A Sherman federal judge on Tuesday approved a joint motion to dismiss a lawsuit between Toyota Motor Corp. and a proposed class of hybrid-vehicle owners after the parties reached a settlement involving brake-defects claims.
Lawyers leading the settlement for Toyota included Los Angeles lawyers Michael Mallow and Rachel Straus of Shook, Hardy & Bacon and Sherman lawyer Joe Brown, a former U.S. Attorney of the Eastern District of Texas. Leading the settlement for the plaintiffs were Ontario, California lawyers David Wright, Richard McCune, Steven Haskins and Mark Richards of McCune Wright Arevalo as well as Dallas lawyers Bruce Steckler and Austin Smith of Steckler Wayne Cochran, who served as liaison counsel.
Lawyers on both sides declined to comment.
The plaintiffs sued Toyota in February 2020, alleging Toyota breached its manufacturer’s warranty by concealing a brake defect in Toyota’s Prius, Camry and Avalon hybrid vehicles.
According to the lawsuit, Toyota “will gamble its drivers’ lives and only fix vehicles that have already failed” instead of “proactively recalling and replacing the defective brake parts.
“This sort of risk may satisfy Toyota’s accountants, but Toyota simply cannot ignore hundreds of thousands of vehicles still on the road with a known defect in their brake systems, any of which could fail at any moment with calamitous results,” the plaintiffs’ amended complaint says.
According to the case docket, U.S. District Judge Amos Mazzant III scheduled a hearing over class certification in July and a pretrial hearing in December before he ordered the parties to mediate in October 2021. The lawyers provided a status update last December that they had not reached a resolution but agreed to continue with the mediator, Patrick A. Juneau of Louisiana, to attempt to resolve the matter.

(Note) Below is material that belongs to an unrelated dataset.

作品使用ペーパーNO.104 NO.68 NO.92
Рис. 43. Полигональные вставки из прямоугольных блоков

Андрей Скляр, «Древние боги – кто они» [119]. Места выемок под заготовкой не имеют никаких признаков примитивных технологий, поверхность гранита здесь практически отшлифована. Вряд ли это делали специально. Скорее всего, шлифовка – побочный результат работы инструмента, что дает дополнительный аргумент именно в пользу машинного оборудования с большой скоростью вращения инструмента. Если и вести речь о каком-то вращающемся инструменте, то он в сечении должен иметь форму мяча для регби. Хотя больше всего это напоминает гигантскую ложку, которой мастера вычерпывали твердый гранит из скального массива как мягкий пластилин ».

Judge Mazzant agreed to continue the pretrial deadlines the same day. The next development in the case came Friday, when the lawyers filed a joint motion to dismiss after reaching a resolution in mediation. Judge Mazzant granted the motion Tuesday, dismissing all claims with prejudice.

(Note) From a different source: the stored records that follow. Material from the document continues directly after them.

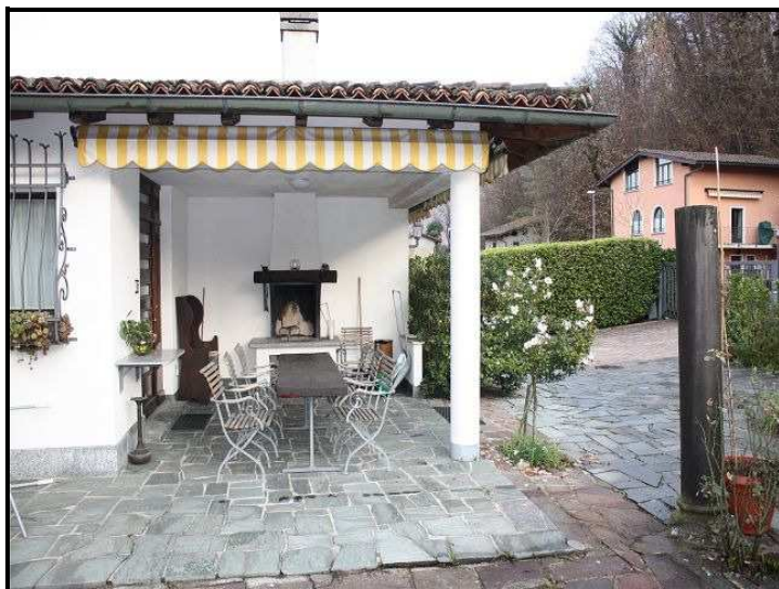
Cortile / gedeckter Sitzplatz
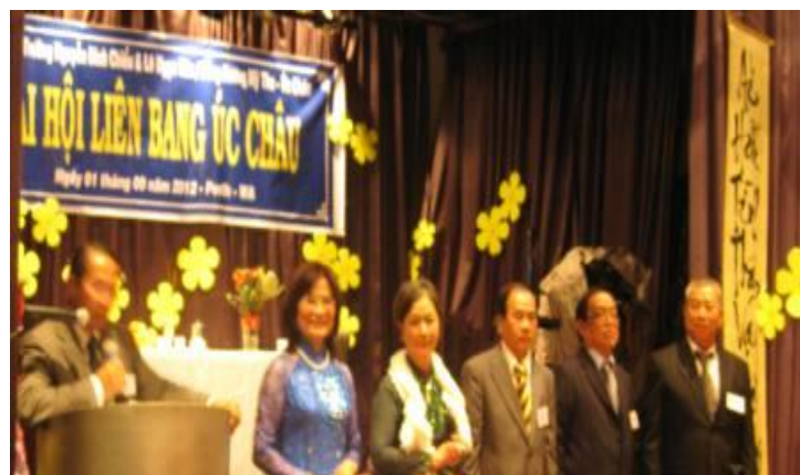
Ban Chấp hành của Hội Ái Hữu CHS N C LNH Melbourne Liên Bang Úc Châu từ ngày 01/09/2012 ...
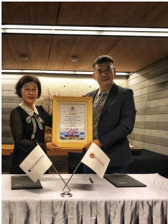
校 方 端 致 贈 感 謝 狀
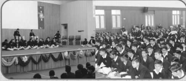
विशाल संस्कृति भवन
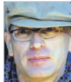
Андрей БАРТЕНЕВ художник, дизайнер, модельер, автор ряда известных провокационных перформансов
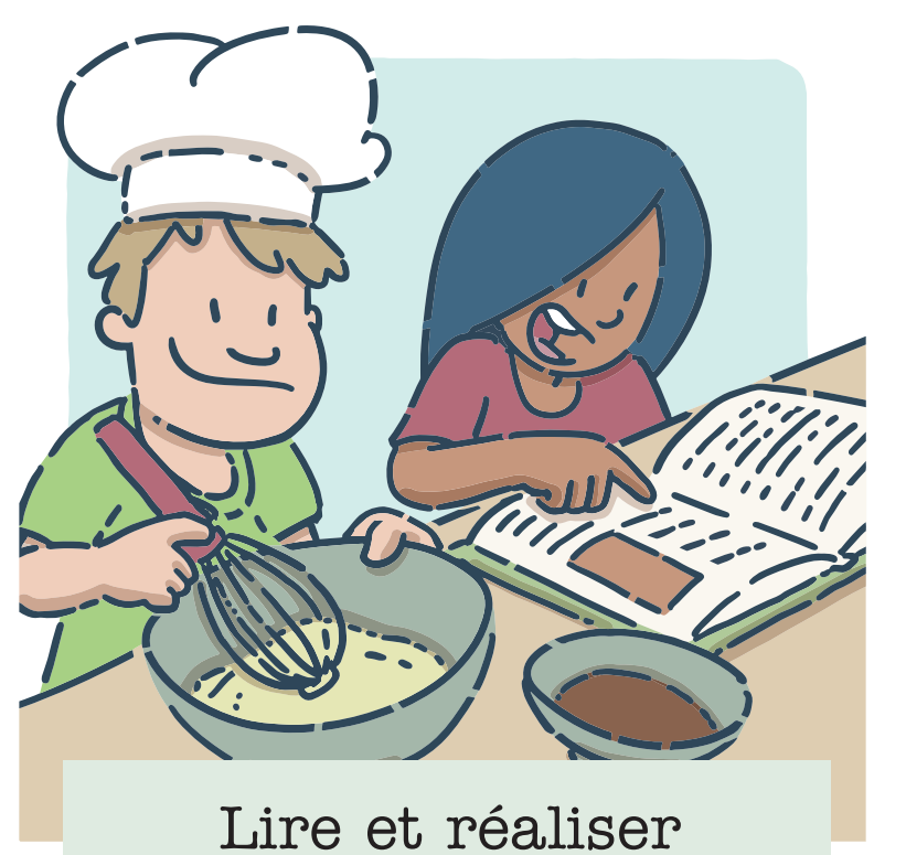
Lire et réaliser une recette

The settlement is at least the second in the last four months that Toyota reached in Texas involving a products-liability case. In December, the world’s largest automaker settled on undisclosed terms a longstanding case brought by a Dallas couple who sued after seat-back failure in their Lexus ES 300 caused permanent brain damage by their two young children during a 2016 rear-end accident. The couple, Benjamin and Kristi Reavis, won a $242 million jury verdict against Toyota in August 2018. The parties settled while the case was pending in the Supreme Court of Texas after a June 2021 decision in Dallas’ Fifth Court of Appeals affirmed the jury verdict.